Get started on your bridging finance journey
Now that you have a clearer understanding of the costs involved, you can get started on your bridging finance journey by speaking to one of our advisers. They specialise in bridging loans, can offer bespoke advice on it and help you begin your application the right way.
Here are just some of the reasons customers choose us for their bridging finance needs:
- We can access to every bridging finance provider on the market
- Our brokers can often secure exclusive rates and deals
- We are 5-star rated on leading review websites
- Your first consultation will be free
Ready to take advantage of a free, no-obligation chat with a broker who specialises in bridging finance? Fill out our quick form to get started today.
FAQs
Most are not payable upfront, with the exception of valuation and solicitors fees.
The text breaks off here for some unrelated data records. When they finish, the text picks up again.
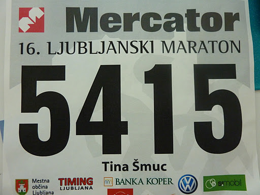 S tole fotko sem že dva dni težila na FB. Jaz sem bila fascinirana, da je sprintano ime na številki. Poleg tega pa sem res komaj čakala, da nabrušene tačke (tole sem ukradla eni komentatorki;)) preizkusim na progi. Spala sem super in na startu sem bila res zelo malo nervozna, kljub temu sem skočila še na stranišče (opa, to pride kasneje kot pomemben podatek). Mene pač vedno tišči lulat!
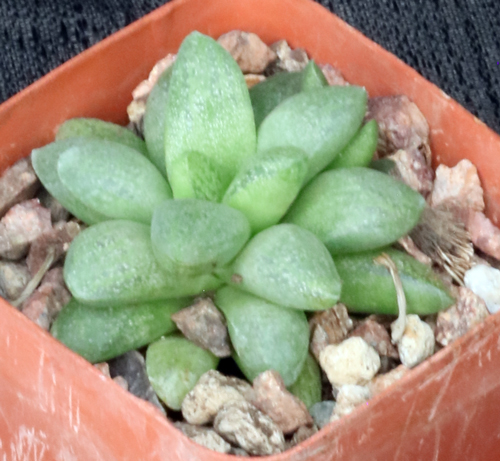 These plants come from several sources, although this species has a narrow distribution in the Western Cape Province. We have seen this species in habitat near the Goritz River (VDV 172). Our offering tends to clump profusely and has rounded leaf tips. The color is light green with red mottling. These plants are rooted offsets in 3-inch pots.
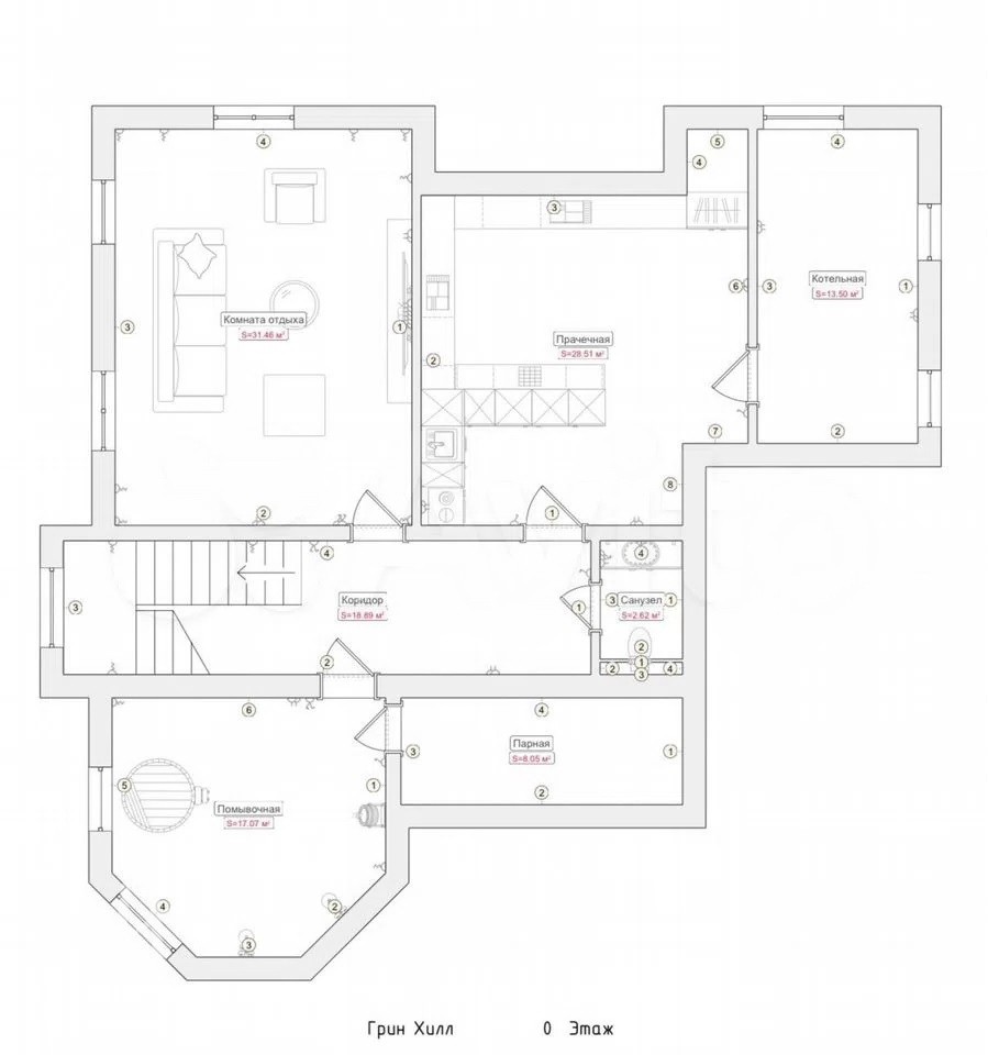 Цоколь: холл с лестницей, комната отдыха, сауна, с/у, душ, постирочная, котельная.
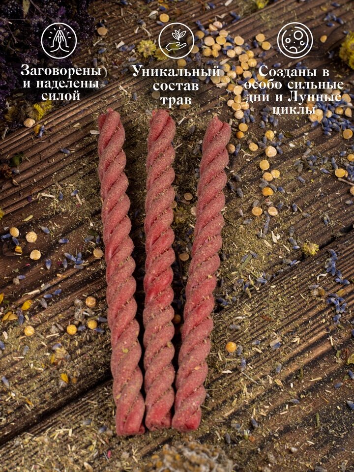 Магические свечи восковые красные скрутки с травами на любовь 3 шт. информация:
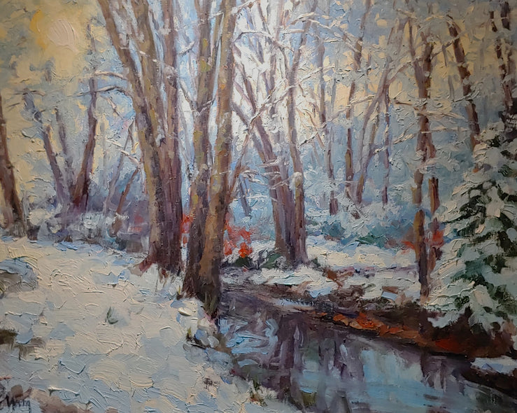 This painting was inspired by a series of walks I took during a beautiful snow this winter in out town of Ashland, VA. Stony Run Trail is a quiet walk that runs alongside Stony Run Creek in the town. Each snow seems to be a little different, but this particular snow created the most dazzling snow-laced trees that gave me the feeling of true winter wonderland.

Some lenders will even let you add them to the loan amount if that is a better fit for you, but keep in mind that this will mean paying interest on them during the loan term.
Choosing an Adviser
Selecting a qualified and experienced mortgage adviser is of great importance. To choose a suitable adviser, evaluate their qualifications, experience, and reputation, and ensure they are regulated by the Financial Conduct Authority (FCA).
Read reviews from previous clients and make sure they provide a clear explanation of the products and services they offer, as well as the fees and charges associated with them.